Frankly, Alan W. Pollack needs to eat more All Bran. Lots more.
posted by Decani at 6:45 PM on March 20, 2006


It took Alan W. Pollack 10 years to pick apart every Beatles song...

He should have known better. Actually, this is pretty amazing, especially for us oldtimers who now have an almost teenager (recently in a band called The Lizards) who loves this stuff. A great link, minkll, thanks.

As I think I've said before on MeFi, I've been wrong a lot of times, but I certainly was right back in 1964, insisting to all those smug grownups that, no, The Beatles weren't going to be washed up and forgotten in six months.
posted by LeLiLo at 1:17 AM on March 21, 2006


Heh. I told my kid brother, when he came home clutching a copy of "I Want to Hold Your Hand," that the Beatles were going to be washed up and forgotten in six months. Bunch of Brits trying to play rock and roll, who do they think they are? The Beach Boys, the Marvelettes, the Chiffons—now, that's rock and roll!

Well, come on, you can't accept your kid brother's taste, can you?
posted by languagehat at 5:15 AM on March 21, 2006 [3 favorites]


MythMaker raises an interesting question: Do masters actually think of these things as they compose? I don't know, but I'd put my money on that they do not. Bach, maybe. Beethoven, no way (IMHO). I'm no master and not even close, but my stuff is better when I don't consider these things. However, that being said, after-the-fact analysis/theory has helped me get out of a deadend street, though still not particularly artistically (creatively?).

Great post, though. Great find.
posted by sluglicker at 6:14 AM on March 21, 2006


Oh yeah, one more thing. Maybe it's the complete synthesis of the too ideals... the intellectualizing and the intuitive/creative...that marks the master. That's why most of us aren't.
posted by sluglicker at 6:35 AM on March 21, 2006


*two
posted by sluglicker at 6:37 AM on March 21, 2006


Beethoven, no way

That's ridiculous. You can write a pop song without knowing about Myxolydian mode, but you can't write a symphony in sonata form, much less a fugue, without knowing exactly what you're doing. You think Beethoven never studied music, and just sang like a bird? Dude!
posted by languagehat at 7:03 AM on March 21, 2006


One of the hidden strengths of _Abbey Road_ that we'll uncover in our studies of its songs is the unprecedented (for a "pop" album, even one by The Beatles) extent to which it contains subtle cross references between tracks, whether they be anticipations or flashbacks.

Ok, I have to take back part of what I said before. This is one place where Pollack goes out on a bit of a limb, and I have to say I've never agreed. I think Abbey Road is a good album, but not The Beatles' best, and I think the second side is much closer to a bunch of song fragments in guitar keys just sort of thrown together than any kind of pseudo-classical "suite."

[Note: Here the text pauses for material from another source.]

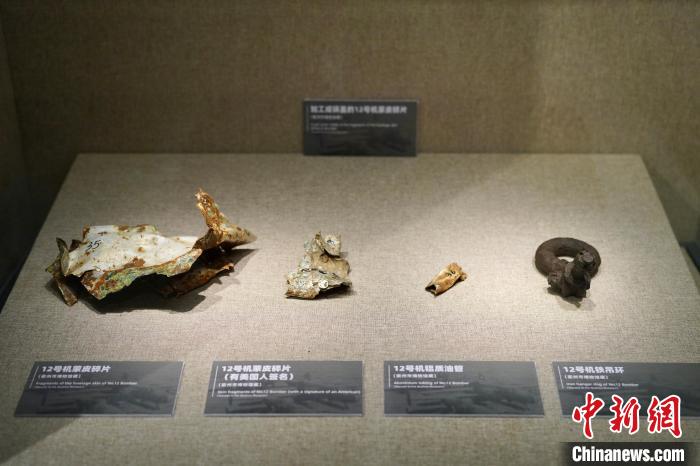 4月18日,杜立特行动纪念馆内展出的当年美军飞行员使用的飞行装具及轰炸机零件等文物史料。董易鑫 摄

And what languagehat said. Of course Beethoven knew what he was doing. You can't exactly just "write what sounds good" when you're deaf.

And like I said upthread, The Beatles probably wouldn't have been able to describe their compositional devices with the terminology that Pollack uses, but they clearly understood what they were doing. The consistency and variety with which they wrote bears this out.